Protecting Freedom of Action
A more conventional role of patents is to protect investment in innovation and, of course, that is also a major reason why IBM pursues patents so aggressively. According to its annual report, in 2015 the company invested $5.2 billion in research and development and clearly, it wants to protect its right to monetize that investment.
However, the firm practices what it calls “reasonable and nondiscriminatory licensing” and doesn’t try to gouge other firms that want to make use of its technology. So while it does earn licensing revenues, $682 million in 2015, that amount is almost non material given the size of its research budget and the $81.7 billion in revenues it earned that year.
What is vastly more important is that patents give IBM what Meyerson calls “freedom of action” to enter the businesses it wants without fear that it will face predatory litigation. It also often cross licenses its patents with other firms who have complementary patents to strengthen its protection to operate freely.

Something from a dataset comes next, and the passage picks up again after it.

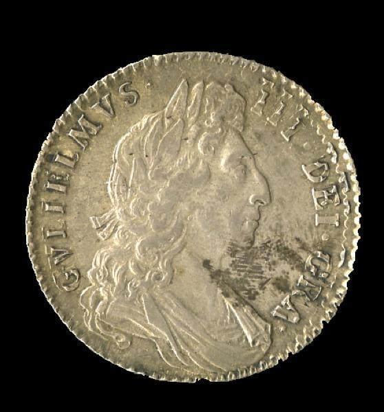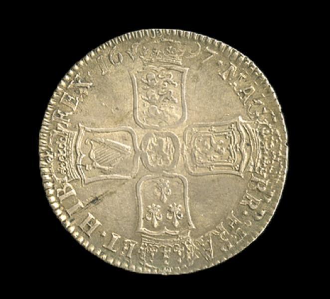 Great Britain. William III (1694-1702). Halfcrown, 1697. Nono. Double struck. Legends only - shifted and doubling. Laureate, draped bust r., rev. Crowned cruciform Arms, lion at center. S.3487, KM 491.7. Dark smudge on lower obverse, some lustre. Nearly Extremely Fine.

Take a look at the seemingly never ending patent war involving Apple and Samsung and you can see his point. The last thing you want to do is to spend your time fighting expensive legal battles instead of developing products and serving customers. And, with its war chest of nearly 100,000 patents earned over the last 24 years, few want to take IBM on in that arena.
Intellectual Property In An Increasingly Open World
In speaking to Meyerson, what I found most interesting was how IBM’s patent strategy strengthened, rather than weakened its commitment to open source. In fact, it was an early supporter of open source, openly championing Linux in 2000 and then later donating 500 of its patents in 2005, when Microsoft was still calling open source a cancer. It has continued this practice of contributing patents to open source ever since.
In our conversation, Meyerson explained IBM’s rationale. “We use open source when we want to create a community around a technology,” he said. “What drives our decision making about open source is that we ask, ‘is this the most effective use of finite resources to advance a technology or are we better off helping to build a community.’”
So again, by contributing its patents to open source foundations like Linux and Apache, it preserves its freedom of action and allows it to manage its resources more intelligently. For example, it makes no sense for IBM to develop a competitor to open technologies like Hadoop or Spark, when it can more profitably invest in proprietary products to build on top of them.
“Fundamentally you do not want to use your patents to impede innovation,” Meyerson told me. “You want to encourage others to build on your ideas and increase the market size, while at the same time protecting your freedom of action and to serve your customers well.”
Registering patents is time consuming and expensive. It also gives competitors an open view to what you’re working on and some insights into what products you plan to develop. In IBM’s case though, that seems like a small price to pay.